Ist eigentlich schon jemanden die Ironie dieses Threads aufgefallen? Ich mein ein Trauerthread für den Applegründer in einem Spieleforum. Apple und Spiele?
Egal ich finde diesen Thread auch so unnötig, jeder der seine Trauerbekundigen will kann das bitte auch bei apple machen, die haben extra ein e-mailfach dafür.
Kondolenzgedöns jegweder art gehört einfach nicht in solche Foren.

edit:@spaceflyer bill gates bin ich gern bereit respekt für sein lebenswerk zu zollen, aber sicherlich nicht jobs der von vorne rein einen PC bloß umgetauft , und teurer wieder verkauft hat. und damit ist er zurecht am anfang auf die schnauze gefallen


----------



## DaScAn (6. Oktober 2011)

spaceflyer1982 schrieb:


> vorab. dies ist ein trauriger tag für die it branche egal ob man ihn mochte oder nicht. einige wenige kommentare hier ich möchte es mal freundlich ausdrücken sind unter aller sau. wenn es euch nicht interessiert. dann lasst es hier zu schreiben.
> 
> dieser mann hat mit einigen anderen zusammen großartiges in der it branche geleistet und da rede ich jetzt nicht speziell von iphone usw. sondern schon von der anfangszeit der computer. dieser mann hatte visionen, die uns mehr als nur berreichert haben. dieser mann hat sehr sehr viele menschen bewusst oder unbewusst im positiven sinnebeeinflusst und somit die it vorrangetrieben. wenn solche männer damals nicht mut bewiesen hätten, wären wir wahrscheinlich jetzt nicht da wo wir sind. und sein wir ehrlich ohne steve jobs wäre apple jetzt auch nciht da wo sie sind. er hat bestimmt in letzter zeit das rad nicht neu erfunden. aber er hat es reif gemacht für die masse. er hat bestimmt nicht das beste handy raus gebracht. aber das erste was wirklich intuietiv benutzbar war und heute schauen sich viele andere hersteller dieses ab und es gilt als selbstverständlich.
> 
> dieser mann hatte visionen, die uns immer begleiten werden und dafür danke ich dir steve jobs.






Belomil schrieb:


> dem ist nichts mehr hinzuzufügen... Steve Jobs war wohl einer der größten erfinder und schlauesten köpfe der heutigen zeit, ein Visionär sondergleichen
> 
> und an die leute die hier "iDontcare" oder ähnliches posten: ihr gehört ge-high-fived. mit nem stuhl. in die fresse! sowas ist in dieser situation so ziemlich das unangebrachteste was man machen kann, ob man apple mag oder nicht, es steht fest dass Steve Jobs unser aller Leben mit seiner Vision verändert hat
> 
> iTrauer



Alles gesagt!!!


----------



## EspCap (6. Oktober 2011)

tear_jerker schrieb:


> edit:@spaceflyer bill gates bin ich gern bereit respekt für sein lebenswerk zu zollen, aber sicherlich nicht jobs der von vorne rein einen PC bloß umgetauft , und teurer wieder verkauft hat. und damit ist er zurecht am anfang auf die schnauze gefallen



Du hast offensichtlich keine Ahnung wovon du redest.


----------



## spaceflyer1982 (6. Oktober 2011)

tear_jerker schrieb:


> Ist eigentlich schon jemanden die Ironie dieses Threads aufgefallen?
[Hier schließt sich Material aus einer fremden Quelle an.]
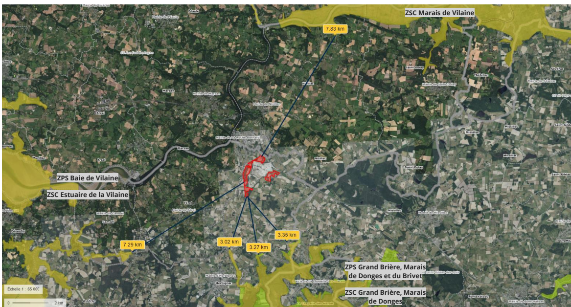
Situation du site de projet vis-à-vis des sites Natura 2000.

En tout état de cause, la nature de l'objet cité ci-dessus n'a pas vocation à avoir d'incidence notable sur les zones revêtant une importance particulière pour l'environnement.
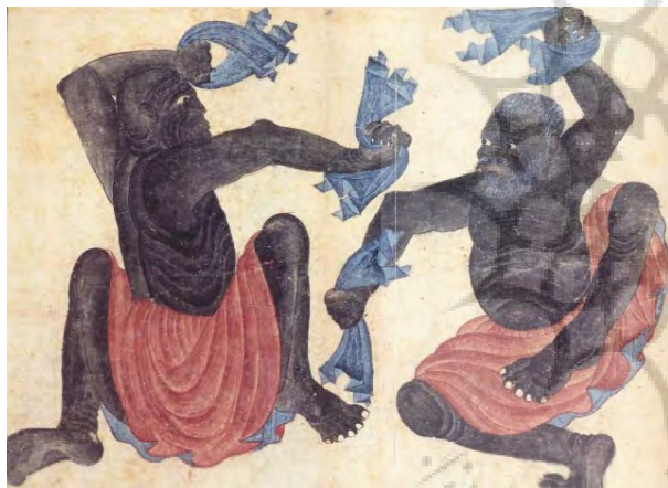
تصویر ۴- رقص شمن‌ها، ۱۸/۵ × ۲۴/۸ سانتیمتر، آلبوم ۲۱۵۳، کاخ موزه توپقایی استانبول.
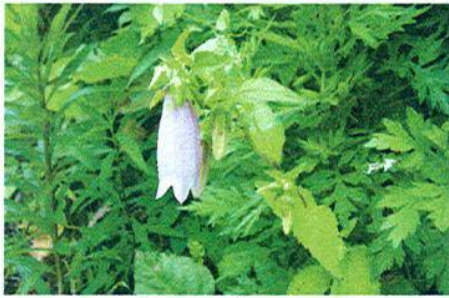
ヤマホタルブクロの花

釣鐘状の花の中にホタルを入れて遊んだところからその名がついたとか。白や薄紅色の花弁を透してほわほわと光るホタルの灯火……。闇の深かったその昔、ホタルの灯は子ども達の心にも、やさしい明りをともしたことでしょう。
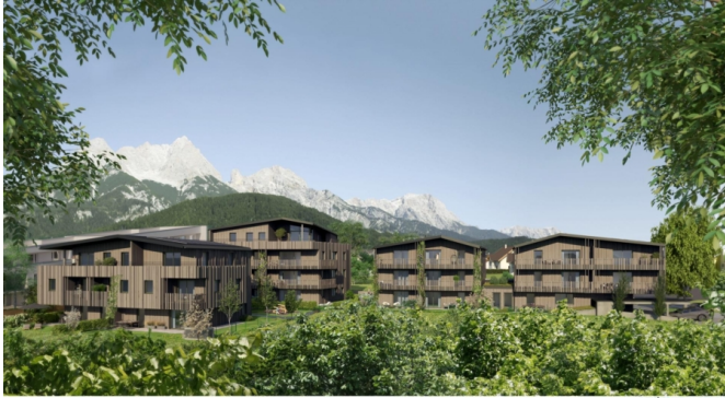
4007 Am Kukuruz in Saalfelden_Aussen Stp_01 re_06_
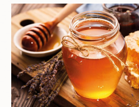
Verschiedene Honigsorten Raps, Blüte, Wald, Obstblüte

Z.b: Honig, Blütenpollen, Propolis, Gelee Royal, Salben, Bienenwachs, uvm. auf Anfrage
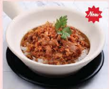
ข้าวอบ (หมู / เนื้อ) กระเทียมพริกไทย Baked garlic (pork / beef) with rice in clay pot
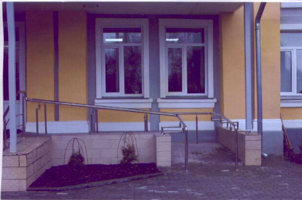
4. Пандус наружный
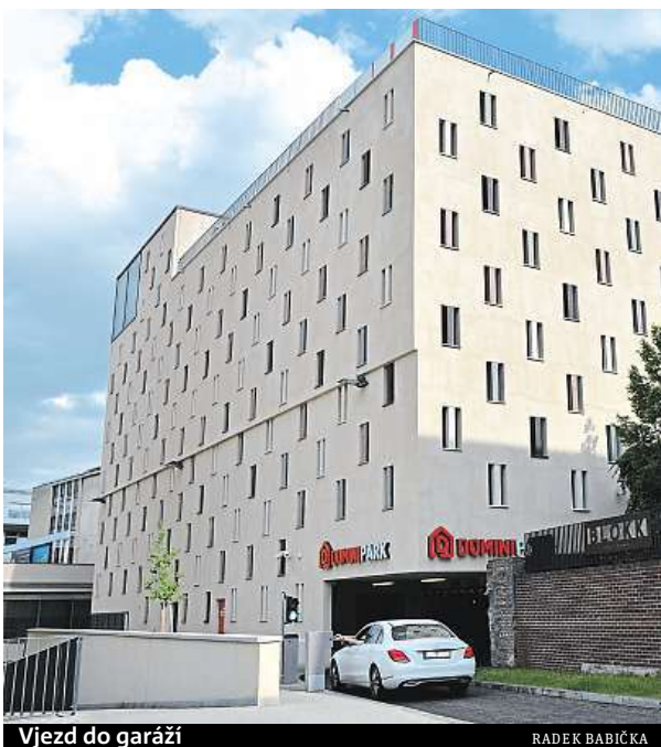
Vjezd do garáže

Ich mein ein Trauerthread für den Applegründer in einem Spieleforum. Apple und Spiele?
> Egal ich finde diesen Thread auch so unnötig, jeder der seine Trauerbekundigen will kann das bitte auch bei apple machen, die haben extra ein e-mailfach dafür.
> Kondolenzgedöns jegweder art gehört einfach nicht in solche Foren.
> 
> edit: bill gates bin ich gern bereit respekt für sein lebenswerk zu zollen, aber sicherlich nicht jobs der von vorne rein einen PC bloß umgetauft , und teurer wieder verkauft hat. und damit ist er zurecht am anfang auf die schnauze gefallen



ohne computer gäbe es keine computerspiele und ohne computerspiele/pc's gäbe es kein solches forum. irgentwie ist da für mich ein zusammenhang. und wie dies mit steve jobs zusammenhängt habe ich meiner ansicht nach schon erklärt.


----------



## Dantus (6. Oktober 2011)

Ich persönlich finde es traurig, dass er gestorben ist, ich kannte ihn namendlich erst seid kurzem aber die techischen Inovationen die in elektronischen Geräten unter seiner Leitung entstanden sind haben mich beeindruckt.

Es ist immer ein großer Verlust für die Menschheit im ganzen wenn herrausragende Menschen von uns gehen.

Dies gilt auch für Forscher und Wissenschaftler, welche ihre Ehrfahrungen mit den andern teilen.

Wer weiß ob nicht dieser Drang etwas Neues zu erschaffen nicht vielleicht etwas großes Schaffen hätte können wenn er nicht krank gewesen wäre.


----------



## spaceflyer1982 (6. Oktober 2011)

wer wissen will was dieser man und apple erreicht haben kann gerne diesem link Steve Jobs-Wikipedia folgen.


----------



## tear_jerker (6. Oktober 2011)

EspCap schrieb:


> Du hast offensichtlich keine Ahnung wovon du redest.



es ist immer schön soetwas in einer diskussion einzuschmeißen. man könnte aber auch argumente bringen warum man anderer meinung. aber dann müsste man ja damit anfangen das apple damals deswegen in einer krise steckte weil das OS als veraltet galt. das ist aber genau das was apples produkte abheben sollte von anderen pcs. denn die bauteile unterscheiden sich nicht. womit wir wieder bei meinem überspitzten punkte angekommen wären


----------



## Razyl (6. Oktober 2011)

tear_jerker schrieb:


> es ist immer schön soetwas in einer diskussion einzuschmeißen. man könnte aber auch argumente bringen warum man anderer meinung. aber dann müsste man ja damit anfangen das apple damals deswegen in einer krise steckte weil das OS als veraltet galt. das ist aber genau das was apples produkte abheben sollte von anderen pcs. denn die bauteile unterscheiden sich nicht. womit wir wieder bei meinem überspitzten punkte angekommen wären



Weil Jobs grundsätzlich nur am MAC gearbeitet hat und nie etwas anderes gemacht hat.


----------



## spaceflyer1982 (6. Oktober 2011)

kriesen gibt es überall. es kann nicht immer alles eitel sonnenschein sein. viele benutzen z.b. windows und da gab es auch einige betriebssysteme die sagen wir mal nicht optimal entwickelt wurden. oder linux wo der normalbürger früher nicht zurecht kamm, da man offtmals selber programmieren musste oder es einfach zu umständlich war.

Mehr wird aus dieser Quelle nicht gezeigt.